This repository contains libraries that build, read and validate SEGLH sample/analysis naming conventions.
The repository provides a python package which can be installed with:
python setup.py install
NB: Use the --user
flag or install into an virtualenv/pipenv if not installing globally.
Any contributions must follow GIT-Flow. Code reviews are mandatory and must be done by a representative of each site implementing the naming scheme.

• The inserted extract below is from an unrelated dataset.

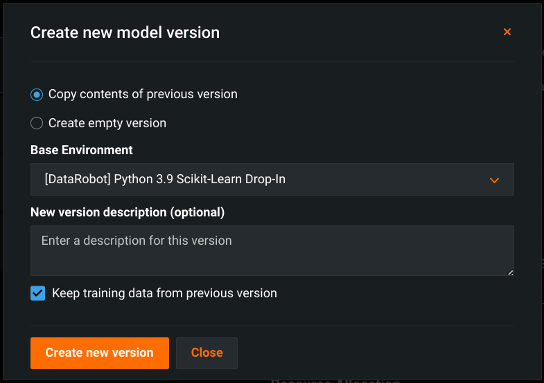 Setting Description Copy contents of previous version Add the contents of the current version to the new version of the custom model. Create empty version Discard the contents of the current version and add new files for the new version of the custom model. Base Environment Select the base execution environment of the new version. The execution environment of the current custom model version is selected by default. In addition, if the selected execution environment does not change, the version of that execution environment persists from the previous custom model version, even if a newer environment version is available. For more information on how to ensure the custom model version uses the latest version of the execution environment, see Trigger base execution environment update. New version description Enter a description of the new version. The version description is optional. Keep training data from previous version Enable or disable adding the training data from the current version to the new custom model version. This setting is enabled by default. -

A full test suite is provided and can be run with pytest -v
. Code formatting must follow recommendations of PEP8. Both requirements are checked automatically via GitHub Actions on pushes to develop
and main
branches
After installation the package can be used to validate the folling naming schemes:
- Sample name
- Samplesheet name
The libraries validate samplesheet name/path, sample name or file name/path for conformity (formatting, required identifiers). This is performed by accessing the corresponding class property. If validation fails, a ValueError exception is raised.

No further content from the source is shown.